Murky Waters - 27 East

Letters

Southampton Press / Opinion / Letters / 1728821

Murky Waters

Murky are the waters swirling around the supervisor and the Town Board’s rush to give a $4 million parcel of land purchased with Community Preservation Fund money to STAR, a group promoting a “pool” for children [“Southampton Town Board Closes Hearing On Community Pool Proposal,” 27east.com, September 23]. What is really proposed is a two-story sports complex in the center of traffic hell.

At a meeting last week held by the Tuckahoe Citizens Advisory Committee at Town Hall for the purpose of allowing STAR Aquatics to inform the public of its plans and how it intends to pay for them going forth, the same unsubstantiated PR claims — in lieu of facts and analysis — were repeated over and over again.

When asked direct questions about their organization, Josephine DeVincenzi, president, and Kim Foulks, executive director, would not, could not and adamantly did not answer them. They would not say where their organization was registered; clarify its legal status — nonprofit? LLC?; where it was located, and why the only address is a post office box. Where are their tax records? Searches online by several people prior to the meeting turned up nothing. Where are the filed records of their charitable activities over the past decade required by the government to reaffirm their nonprofit or not-for-profit privileges?

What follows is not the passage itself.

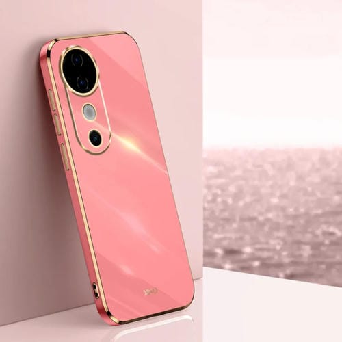 Para Vivo S19 Xinli Caja de Teléfono de TPU con Borde Dorado y Revestimiento Recto 6D (Rojo Espino)

How much of the donations ($600,000 from an anonymous donor?) have been spent on salaries, travel, consultants and studies? How much money does STAR have on hand as of this date?

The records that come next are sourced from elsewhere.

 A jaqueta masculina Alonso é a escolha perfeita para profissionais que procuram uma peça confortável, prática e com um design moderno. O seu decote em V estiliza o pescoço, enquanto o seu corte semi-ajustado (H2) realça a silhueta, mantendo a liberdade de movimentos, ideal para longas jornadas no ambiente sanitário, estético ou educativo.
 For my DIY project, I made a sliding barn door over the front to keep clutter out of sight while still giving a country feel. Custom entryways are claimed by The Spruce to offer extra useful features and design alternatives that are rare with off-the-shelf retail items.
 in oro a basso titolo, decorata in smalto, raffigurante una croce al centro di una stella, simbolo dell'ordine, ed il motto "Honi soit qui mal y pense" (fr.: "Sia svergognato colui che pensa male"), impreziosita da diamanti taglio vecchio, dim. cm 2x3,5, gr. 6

STAR would not provide any answers. This is public information — but where is it?

The supervisor and Town Board should have done the work they were elected for and are paid to do by vetting the legal and financial status of this group and their clarifying future financial feasibility before moving on it. Instead, they have ignored all of these concerns to race to deliver a $4 million parcel of land, paid for by taxpayers, into the hands of a P.O. Box.

Their attempt to ram it through with accelerated and compromised hearings during a time of crisis fools no one. To be clear: All considerations, hearings and votes on this proposed development should be halted now — even before “pool” is misleadingly added to the CPF uses, certainly before thorough findings as to the status of STAR by the town attorney, the town comptroller and the supervisor’s office provide the information the public has asked for. To ignore this is to put the current and future residents of the town at risk.

In place of clarity and information, the public is left wondering whether the pool/sports complex developers/consultants are working at the behest of STAR, or vice-versa. And does a tax-strapped community during a health crisis need to make a sports complex (public gathering place) a priority?